• _Assigned task_:
Retype, word for word, every line starting at the line with "Специалисты Пентагона отметили, что" and ending with the final line of the entries; skip the pictures.

Stored data entries
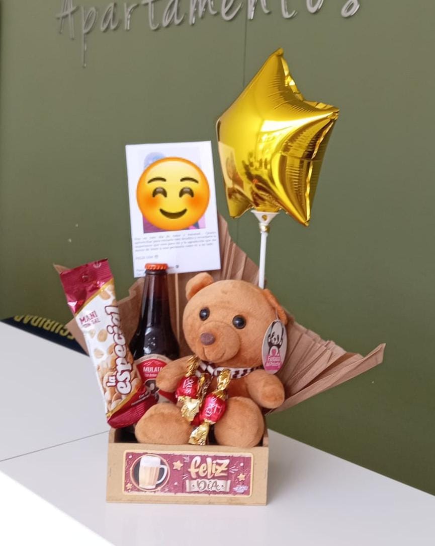 Incluye: Peluche, mani, cerveza y chocolates, en cajita con globo y tarjeta personaliza.
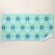 Toalha de praia com um oceano divertido inspirou um padrão de flores feito de pequenos cavalos marinhos em aqua branco, amarelo e escuro em um fundo aqua claro.
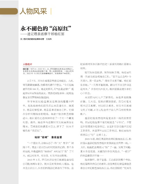 途中,杨红丽的足迹深深印在了一个又一个藏羌 基层纪检监察组织是党设在一线的监督前
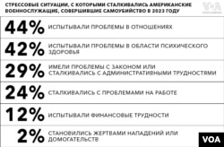 Специалисты Пентагона отметили, что многие из совершивших самоубийство сталкивались с серьезными стрессовыми факторами. Например, 44% из них испытывали проблемы в отношениях, а у 42% были диагностированы проблемы в области психического здоровья.
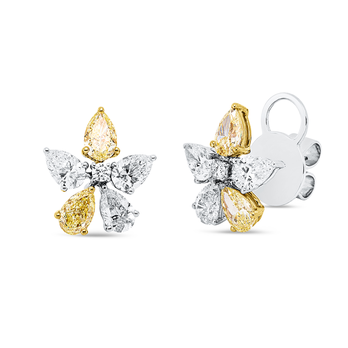Ohrstecker 18 kt WG+GG, 6 Tropfen 1,40 ct, TW-vsi, 2 Brillanten 0,06 ct, TW-vsi, 4 Tropfen 1,17 ct, gelb

• _Output_:
 Специалисты Пентагона отметили, что многие из совершивших самоубийство сталкивались с серьезными стрессовыми факторами. Например, 44% из них испытывали проблемы в отношениях, а у 42% были диагностированы проблемы в области психического здоровья.
Ohrstecker 18 kt WG+GG, 6 Tropfen 1,40 ct, TW-vsi, 2 Brillanten 0,06 ct, TW-vsi, 4 Tropfen 1,17 ct, gelb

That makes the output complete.